A Truth in the Law of Small Numbers

[dzdt]

I don't get this yet. Their lead paragraph says:

> Jack takes a coin from his pocket and decides that he will flip it 4 times in a row, writing down the outcome of each flip on a scrap of paper. After he is done flipping, he will look at the flips that immediately followed an outcome of heads, and compute the relative frequency of heads on those flips. Because the coin is fair, Jack of course expects this empirical probability of heads to be equal to the true probability of flipping a heads:0.5. Shockingly, Jack is wrong.
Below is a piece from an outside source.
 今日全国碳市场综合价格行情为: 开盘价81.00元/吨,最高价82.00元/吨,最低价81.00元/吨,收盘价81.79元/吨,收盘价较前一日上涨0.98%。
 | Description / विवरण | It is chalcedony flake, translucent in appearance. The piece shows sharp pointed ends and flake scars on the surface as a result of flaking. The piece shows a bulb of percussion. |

If he were to sample one million fair coins and flip each coin 4 times, observing the conditional relative frequency for each coin, on average the relative frequency would be approximately 0.4.
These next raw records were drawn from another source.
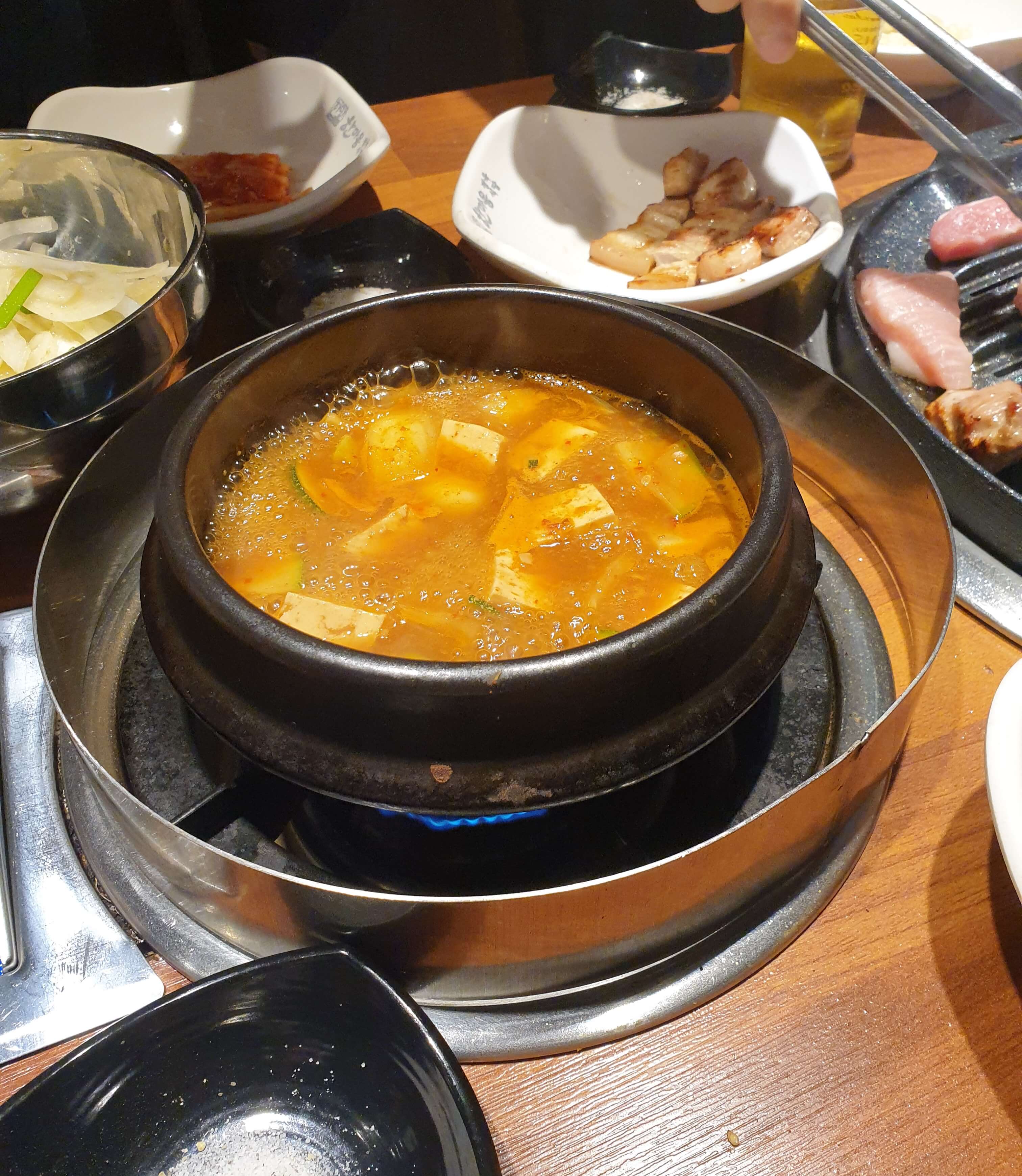 된장찌개는 깜빡하고, 고기만 공략했더니, 나중에 된찌가 엄청 짜졌다...
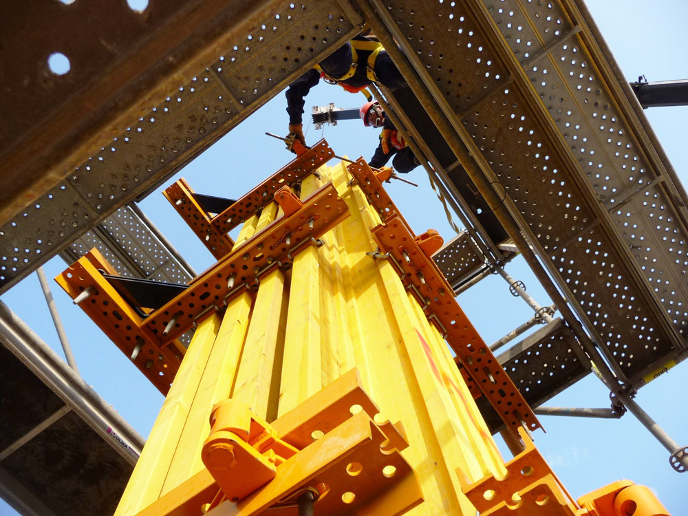 W celu wykonania zbrojenia oraz montażu i demontażu deskowań zamontowano pomosty robocze rusztowania BRIO. System zapewniający bezpieczną pracę użytkownika może być przenoszony bez demontażu za pomocą żurawia.
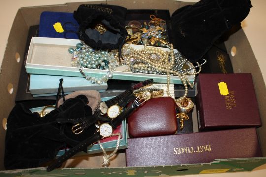 A BOX OF ASSORTED COSTUME JEWELLERY, WRISTWATCHES ETC
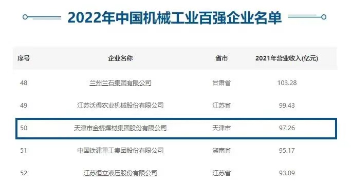 機械工業(yè)是工業(yè)發(fā)展的“心臟”,也是國民經濟發(fā)展的重要基礎。隨著2022年中國機械工業(yè)百強的發(fā)布,金橋焊材集團成為天津市兩家入圍的企業(yè)之一,位列第50位,連續(xù)多年入圍中國機械工程百強名單。
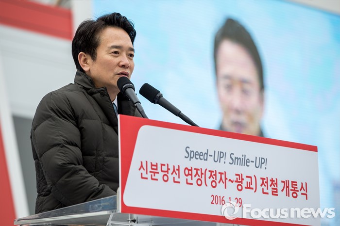 (수원=포커스뉴스) 남경필 경기도지사가 29일 오후 경기도 수원시 영통구 신분당선 광교중앙역에서 열린 '정자-광교 복선전철 개통행사'에 자리해 환영사 하고 있다.
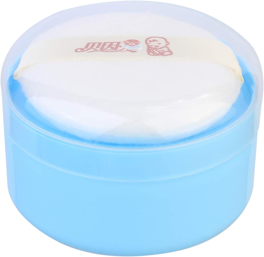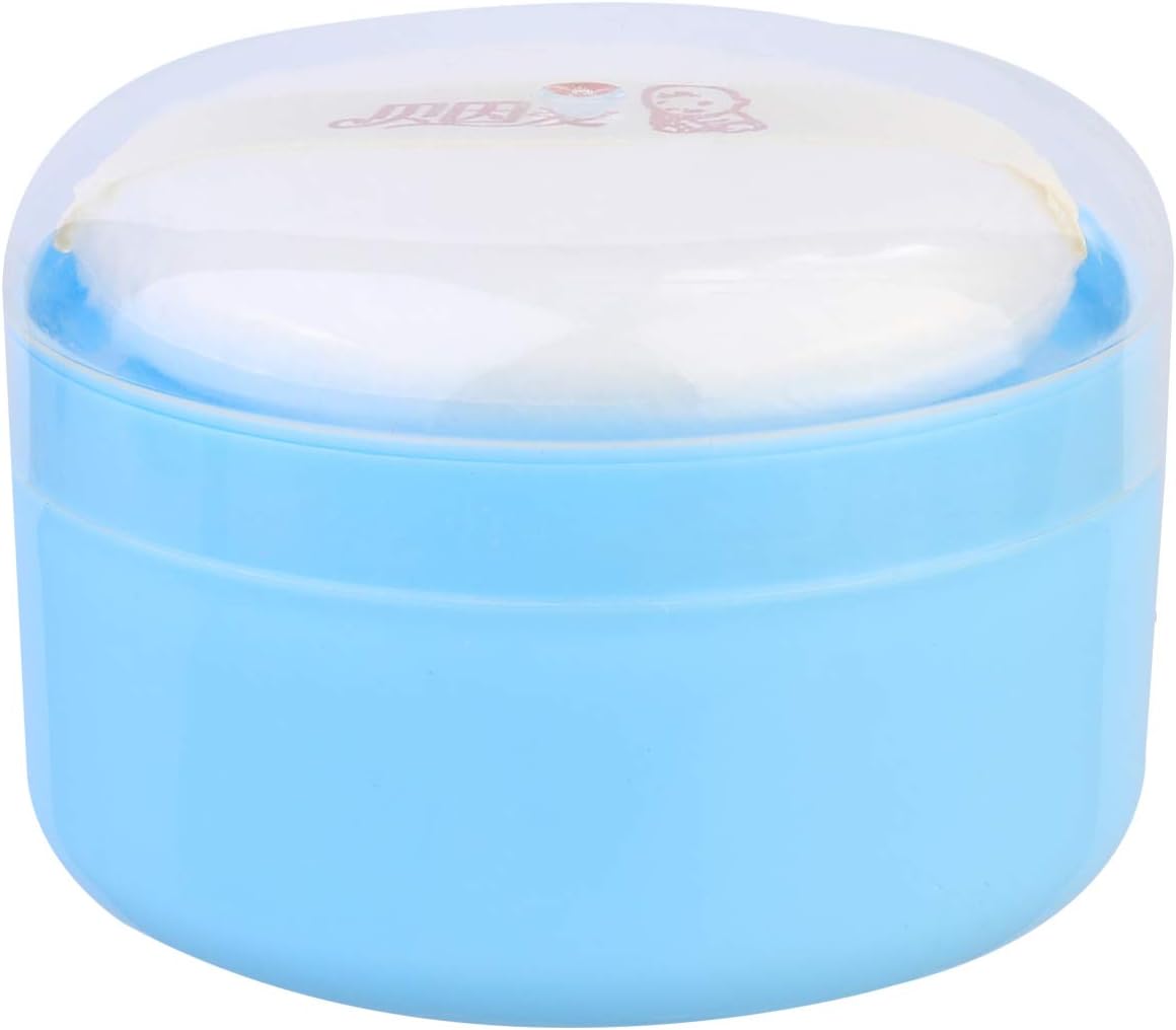 1 Set Baby After-Bath Puff Box Portable Empty Body Powder Container Dispenser Case with Sifter and Powder Puffs for Home Travel Use (Blue)
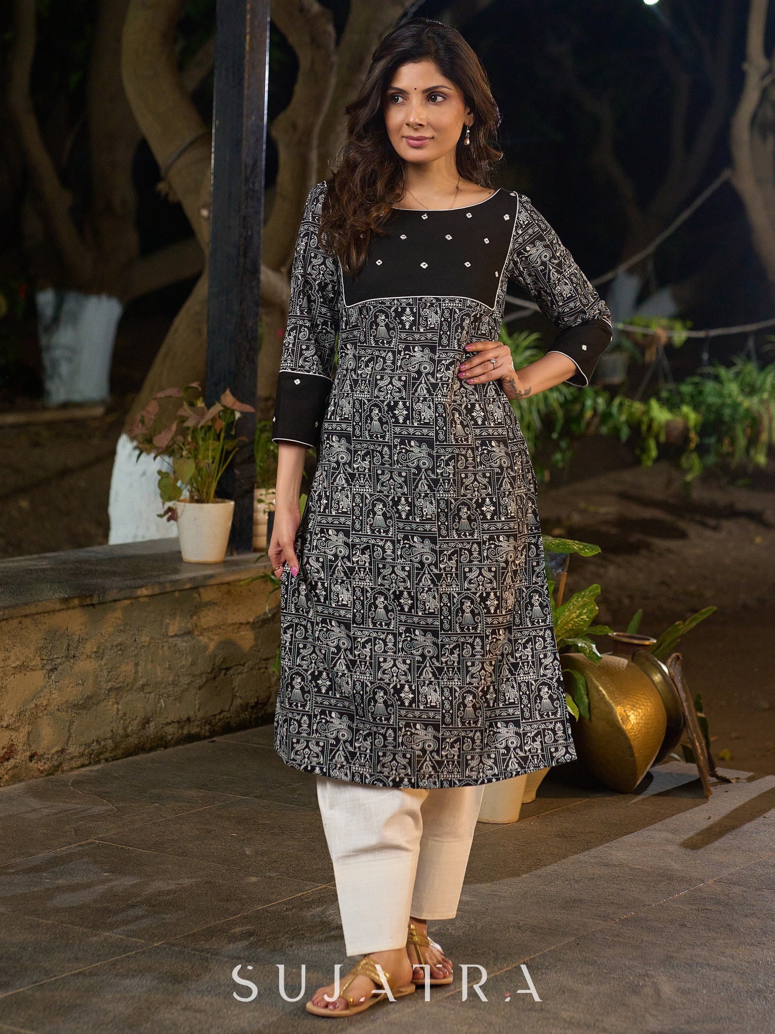 Black Artisanal Printed Kurta with Sparkling Mirror Accents

If I try to work this out, I write down the 16 possibilities for four coin flips:

    TTTT, TTTH, TTHT, TTHH,
    THTT, THTH, THHT, THHH,
    HTTT, HTTH, HTHT, HTHH,
    HHTT, HHTH, HHHT, HHHH

I count 24 instances where H occurs before the end of the sequence, 12 of which are followed by H and 12 of which are followed by T. So I get the expected 0.5 outcome.

The authors do some other calculation, and I don't understand what they are thinking. Can someone explain?

[iron0012]

Here's an explanation that addresses this apparent inconsistency: http://andrewgelman.com/2015/09/30/hot-hand-explanation-agai...

[mcnamaratw]

The linked explanation seems to be that if you do the probability wrong in a certain way, you come up with something below 50%.
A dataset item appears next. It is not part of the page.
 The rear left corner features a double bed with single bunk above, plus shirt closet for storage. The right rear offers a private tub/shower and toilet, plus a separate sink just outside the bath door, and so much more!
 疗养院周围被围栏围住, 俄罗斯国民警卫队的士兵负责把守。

Here's one way to reproduce the 40% number they get in the paper. Take a sequence of four flips. Consider five cases:

1. 0 heads. Probability of head following a head=0

2. 1 head. Probability of head following a head=0

3. 2 heads. Probability of head following a head = 1/3

4. 3 heads. Probability of head following a head = 2/3

5. 4 heads. Probability of head following a head = 1

Now if those five cases were equally likely, then what would be the expected number of heads following a head?

Answer: (0 + 0 + 1/3 + 2/3 + 1)/5 = 0.4

Is this what they assume gamblers are using for 'empirical probability'? I can't tell.

[mcnamaratw]

Haha, exactly my question! I wrote out that same table and got the same results.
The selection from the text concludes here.